Data: Begin

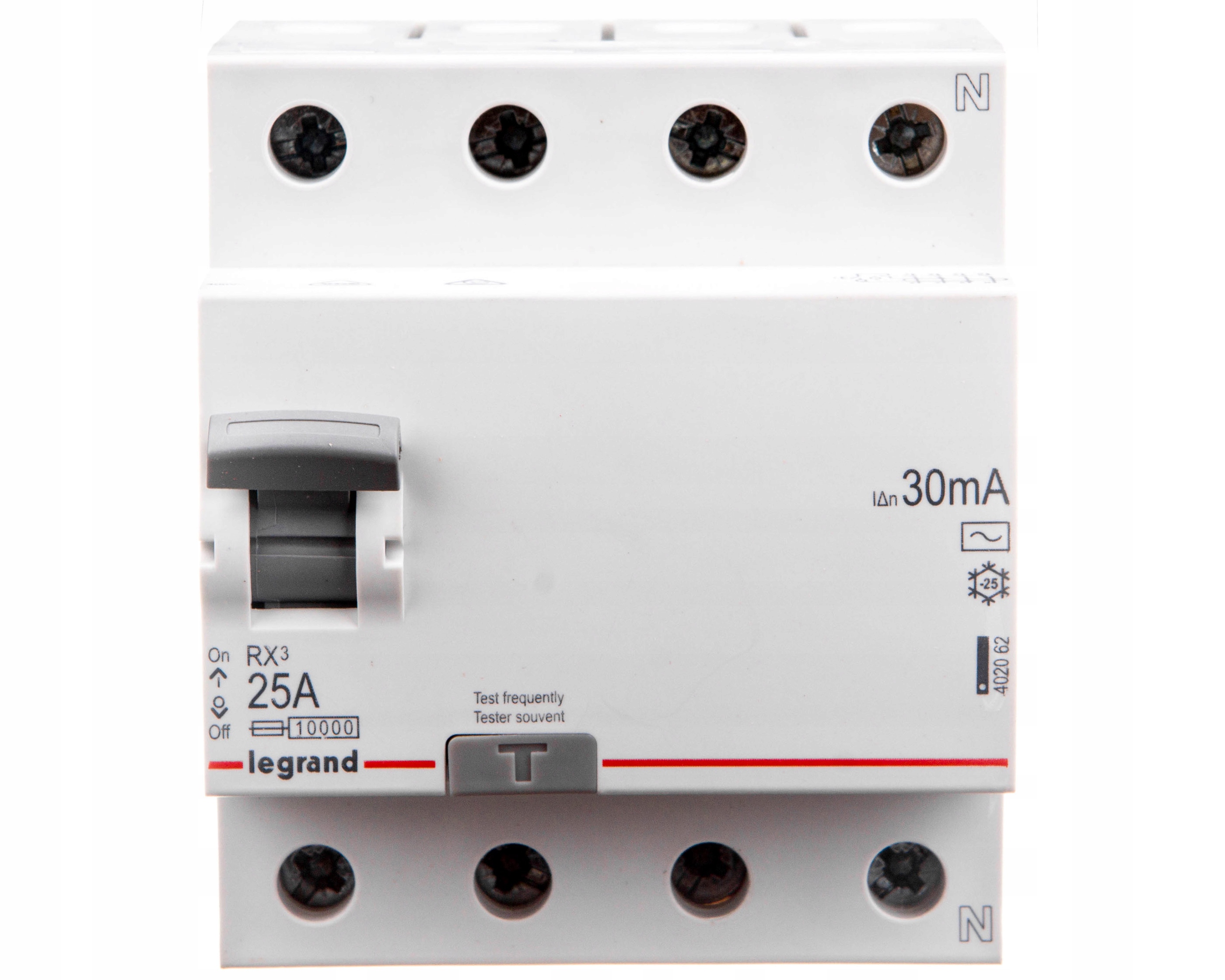 LEGRAND ДИФЕРЕНЦІАЛЬНИЙ АВТОМОТИЧНИЙ ВИМИКАЧ 25A/30MA 4 ПОЛЮСА ТИПУ AC RX3 402062
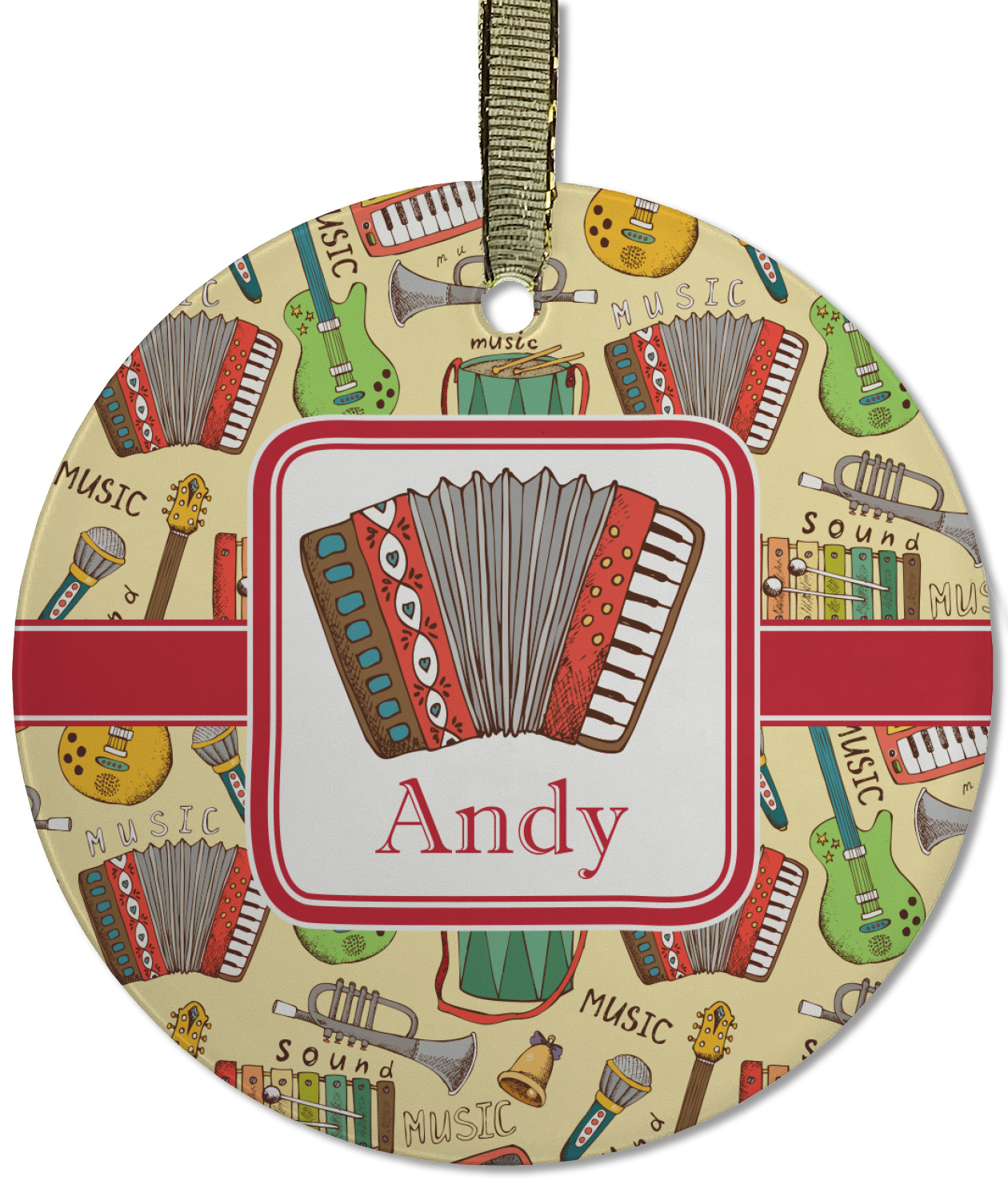 We have selected a classic red ribbon along with a square label that features the accordion along with a name for the personalization. You have a choice of instruments to feature on the label - your choices are: vintage guitar, xylophone, accordion, trumpet, keyboard, drum, microphone or bell and of course you can personalize it with your choice of text.
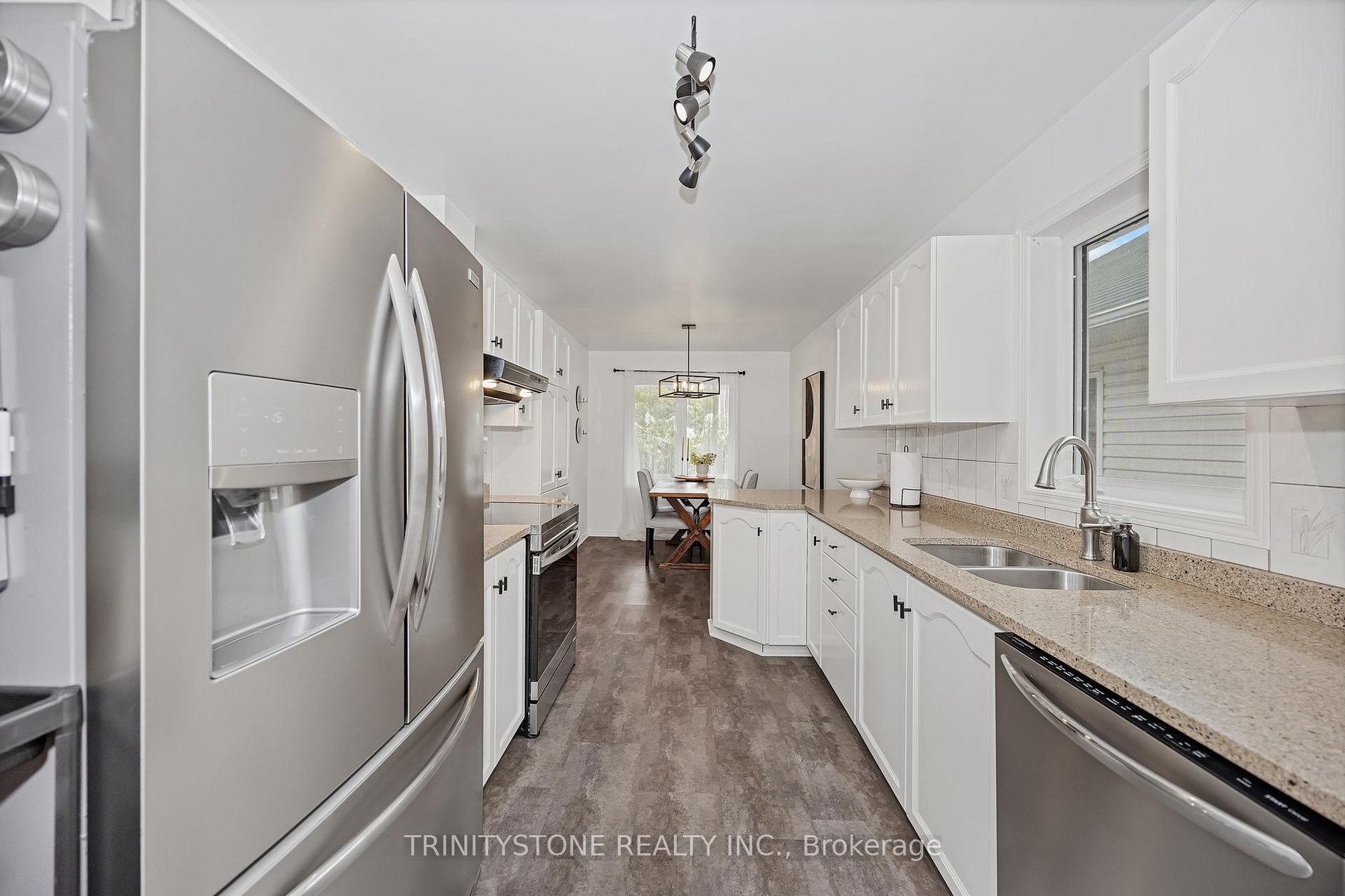 Welcome to this beautifully upgraded 2+1 bedroom, 2 bathroom bungalow in the heart of Stittsville, just minutes from the Trans Canada Trail! From the moment you step inside, you're greeted by a spacious foyer with inside access to the garage convenience at its best. The main level is bathed in natural light, offering an open and airy feel throughout. The bright living room features patio doors that lead to your private deck, ideal for relaxing or entertaining. The chefs kitchen is a true standout, boasting stainless steel appliances, quartz countertops, a double sink, and ample cabinet and counter space. The layout flows seamlessly between the kitchen, dining area, and living room perfect for everyday living and hosting guests. The generous primary bedroom offers double closets and a peaceful view of the landscaped backyard. A second bedroom and a full 4-piece bath complete the main floor. Downstairs, the newly finished lower level provides endless possibilities! Enjoy a large rec room perfect as a family room, home gym, or media space. You'll also find a spacious third bedroom and a gorgeous second 4-piece bathroom. Outside, the private deck and beautifully landscaped backyard create the perfect setting for summer gatherings or quiet mornings. This home is a true gem tastefully upgraded, move-in ready, and located in a prime Stittsville location. Roof (2017), Furnace and A/C (2020), Updated Lower Level (2023). Last Furnace Maintenance (2024). Book your private showing today!

Data: End

Task directions: The result should be the same data as above, line for line, with the pictures gone.

Answer for the task:
 LEGRAND ДИФЕРЕНЦІАЛЬНИЙ АВТОМОТИЧНИЙ ВИМИКАЧ 25A/30MA 4 ПОЛЮСА ТИПУ AC RX3 402062
 We have selected a classic red ribbon along with a square label that features the accordion along with a name for the personalization. You have a choice of instruments to feature on the label - your choices are: vintage guitar, xylophone, accordion, trumpet, keyboard, drum, microphone or bell and of course you can personalize it with your choice of text.
 Welcome to this beautifully upgraded 2+1 bedroom, 2 bathroom bungalow in the heart of Stittsville, just minutes from the Trans Canada Trail! From the moment you step inside, you're greeted by a spacious foyer with inside access to the garage convenience at its best. The main level is bathed in natural light, offering an open and airy feel throughout. The bright living room features patio doors that lead to your private deck, ideal for relaxing or entertaining. The chefs kitchen is a true standout, boasting stainless steel appliances, quartz countertops, a double sink, and ample cabinet and counter space. The layout flows seamlessly between the kitchen, dining area, and living room perfect for everyday living and hosting guests. The generous primary bedroom offers double closets and a peaceful view of the landscaped backyard. A second bedroom and a full 4-piece bath complete the main floor. Downstairs, the newly finished lower level provides endless possibilities! Enjoy a large rec room perfect as a family room, home gym, or media space. You'll also find a spacious third bedroom and a gorgeous second 4-piece bathroom. Outside, the private deck and beautifully landscaped backyard create the perfect setting for summer gatherings or quiet mornings. This home is a true gem tastefully upgraded, move-in ready, and located in a prime Stittsville location. Roof (2017), Furnace and A/C (2020), Updated Lower Level (2023). Last Furnace Maintenance (2024). Book your private showing today!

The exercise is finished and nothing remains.